**Given data:**
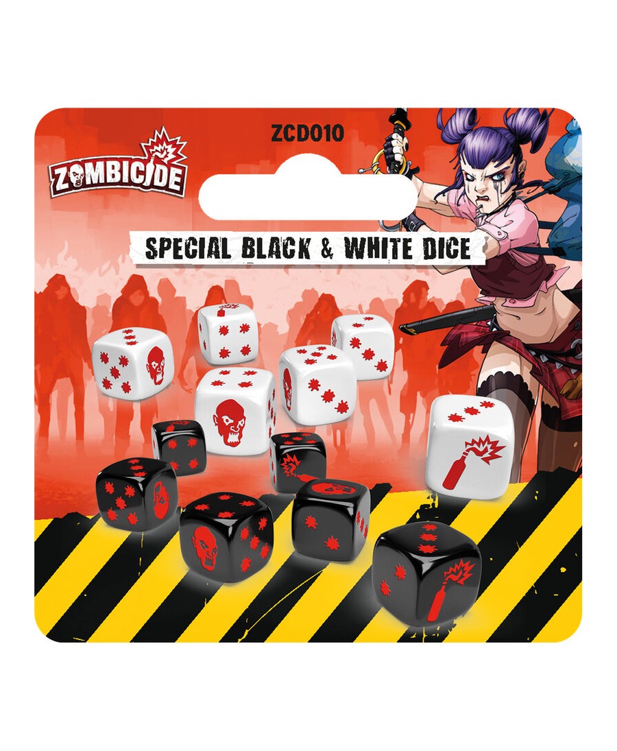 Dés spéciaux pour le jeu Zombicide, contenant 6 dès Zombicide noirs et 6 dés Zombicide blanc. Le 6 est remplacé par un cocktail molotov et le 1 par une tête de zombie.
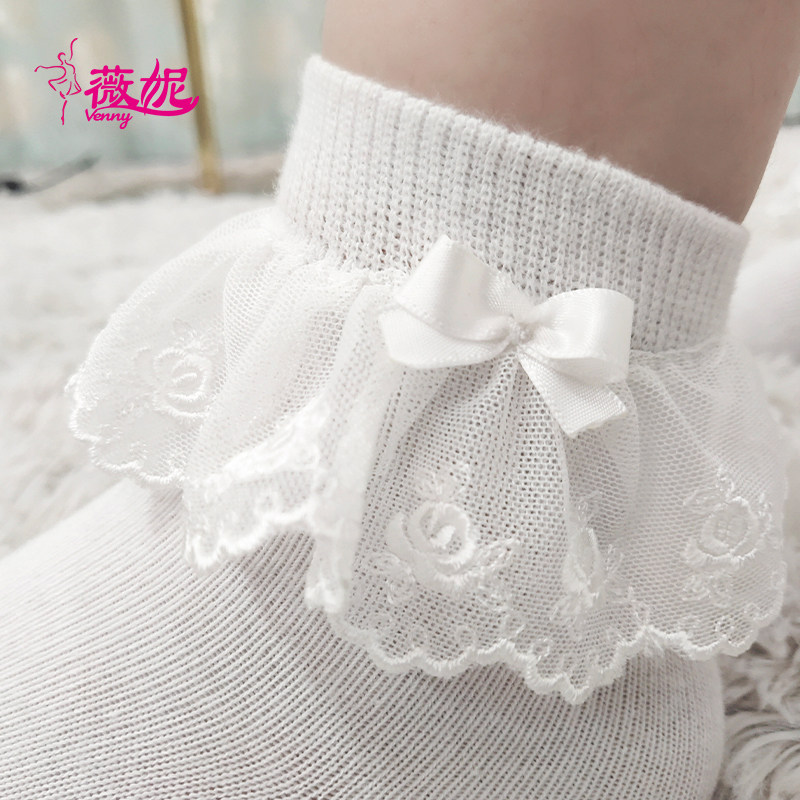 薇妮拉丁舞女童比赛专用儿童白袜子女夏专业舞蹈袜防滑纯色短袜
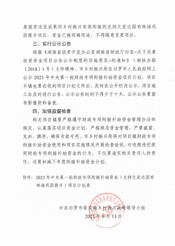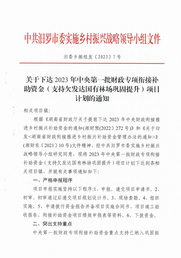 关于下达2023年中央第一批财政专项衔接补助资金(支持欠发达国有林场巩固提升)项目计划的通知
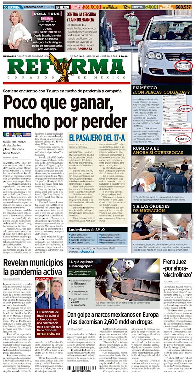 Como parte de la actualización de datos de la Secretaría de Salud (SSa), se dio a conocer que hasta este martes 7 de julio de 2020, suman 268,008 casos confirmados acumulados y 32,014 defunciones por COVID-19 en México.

**What to do:**
Your output must reproduce the material above in full, with no pictures.

**Solution for this problem:**
 Dés spéciaux pour le jeu Zombicide, contenant 6 dès Zombicide noirs et 6 dés Zombicide blanc. Le 6 est remplacé par un cocktail molotov et le 1 par une tête de zombie.
 薇妮拉丁舞女童比赛专用儿童白袜子女夏专业舞蹈袜防滑纯色短袜
 关于下达2023年中央第一批财政专项衔接补助资金(支持欠发达国有林场巩固提升)项目计划的通知
 Como parte de la actualización de datos de la Secretaría de Salud (SSa), se dio a conocer que hasta este martes 7 de julio de 2020, suman 268,008 casos confirmados acumulados y 32,014 defunciones por COVID-19 en México.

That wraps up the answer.